Code Quality - Interview with João Caxaria



What makes code good? How do you tell bad code from good one? Issues like this come to mind when you think about the concept of code quality. To get a better idea of the topic, I’m interviewing João Caxaria

Can you tell a bit about yourself?

João Caxaria

I’m a software engineer currently disguised of a CTO for Codacy. Before this, I did several years of software development as a consultant, having worked in several different companies, from small game studios to industry giants such as Citibank.

How would you describe the term code quality to someone who has never heard of it?

Code quality is a hard thing to explain; Having a good code quality will mean your code is less error prone but having no errors in your code does not mean good code quality. Good code quality reflects itself on a application whose architecture is well built, easily explainable and well understood by your peers.

Code quality is code that is easily extendable and provides a framework to work upon for the next developers that find it vs. removing the current code and starting over. Code quality is safety in deployments, and predictable development times on new features.

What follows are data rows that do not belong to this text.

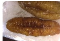
海参 Sea Cucumber
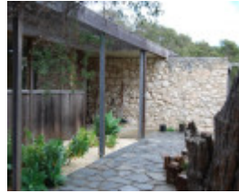
H2209 Grimwade House Rye Oct 08 1
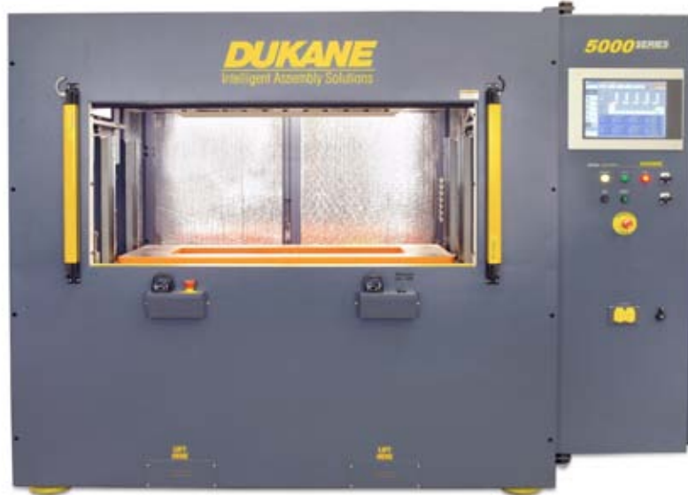
Table Size 72" (1800mm) by 18" (455mm)
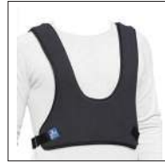
KOALA Restraining system line
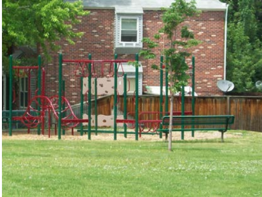
Figure 5: Playground at Village Greens II

116th and Pennsylvania. There are picnic tables, flower beds, large grassy areas and children's playgrounds at each of the two parks. The playground equipment is scheduled for replacement in 2017.
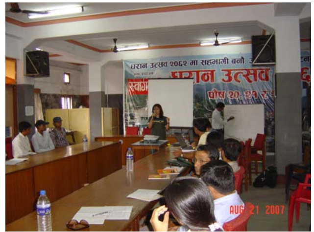
Training on Nepal National Building Code
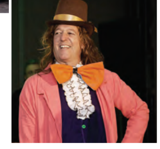
Willy Wonka encouraged attendees to taste everthing!

Everyone has a golden ticket! — The newly-renovated Embassy Suites Hotel Denver Stapleton pulled out all the stops for the February 27 Ribbon Cutting/Business After Hours. With the fun and festive theme of Willy Wonka and the Chocolate Factory, there were plenty of 'goodies,' including a live band, lots of sweet treats, a photo booth, Oompa Loompas, and Willy Wonka himself! Mark your calendar for the March 27 joint Business After Hours with the Asian Chamber at the Red Lion/Radisson Hotel.
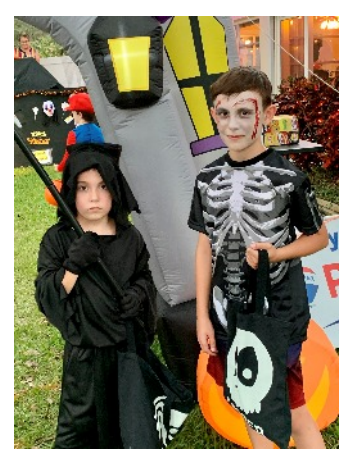
The Dynamic Duo
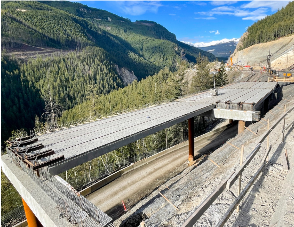
Elk Viaduct girder installation in mid-May 2022: While cranes occupy the highway alignment during the extended closure, the temporary road below this viaduct has been used to provide limited east-west guided access through the site for school buses and local commuters twice daily
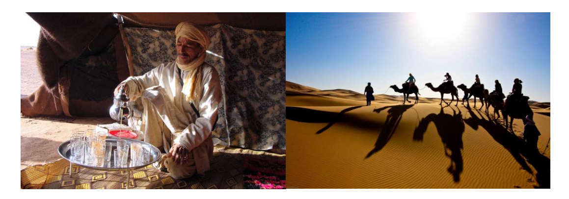
Hotel – Aubeger Du Sud

We spend a night in a Saharian traditional accommodation and enjoy the traditional Berber's cuisine.
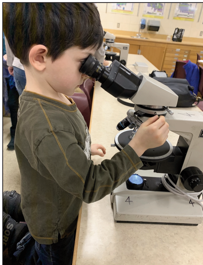
Figure 2. Homeschool student observing minerals under a petrographic microscope.

Following this activity, we looked at minerals under a microscope. Before starting, to ensure that the students handled the microscopes carefully, presenters told students that each microscope was worth $1,000,000; this exaggeration was justified in emphasizing that students should use extra caution! This was the student's first time seeing rocks under a microscope (Fig. 2), so no advanced observations were made. Instead, a volunteer switched between cross-polarized and plane-polarized light and sometimes inserted the gypsum plate, to get students' attention!
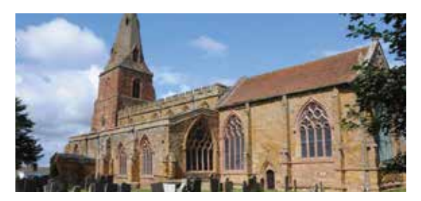
The audience of 200 was made up of OLs, their families and parishioners of St Margaret's who had supported the School's Crick concerts over the years.

There was a collection which enabled the OLs to donate \pounds1200 to Cancer Research UK and \pounds500 to St Margaret's Church.
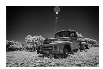
Vintage Truck Rose Epps
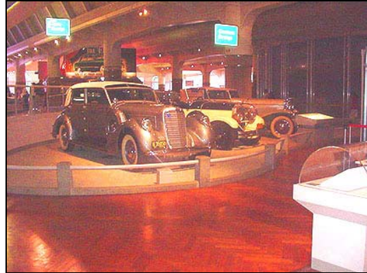
(There were a lot of cool cars on display)

anyone could stay in this car for so long and come out a champion?
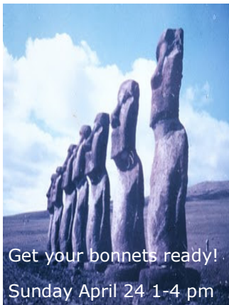
Get your bonnets ready! Sunday April 24 1-4 pm
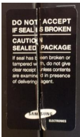
Figure 2 - Security Seal (Black)

How do you measure code quality?

To measure code quality, you need to look at several components in your code: code issues, code consistency, proper namespace or package responsibilities, class dependencies should be kept to a minimum, code coverage, etc etc. Some stuff can be measured automatically, and some still requires human reviewers.

Why is code quality important?

Code quality is not always important! For example, if you’re doing a prototype, code quality takes a secondary role when compared to speed of delivery.

If you’re working on a project on which you will build a mission critical part of your company, then code quality is the most important thing you can think of; it will allow you to continuously grow your project and have your company grow with it.

I believe several current software development processes will be changed or improved by Machine Learning / AI techniques. Although foreseeing the future is hard, if I had to bet on something, it would be on this.

What advice would you give to programmers getting into web development?

Have fun and and don’t be afraid to create and experiment new things.

Who should I interview next?

Florian Motlik for sure. Smartest and kindest fellow I had the pleasure to talk to and learn from. Would read anything he says without second thoughts.

Any last remarks?

Thank you for your time and making me think about this and how to put it in written form :)


Thanks for the interview João! I think code quality is one of those things that’s easy to overlook. You definitely feel it when you are working. I found it particularly interesting that you noted it doesn’t matter that much always.

Especially during prototyping phase it’s more important to explore the idea space than end up with a technically perfect implementation. Techniques, such as using tracer bullets, come in handy here as you are still guessing and trying to figure out a good direction.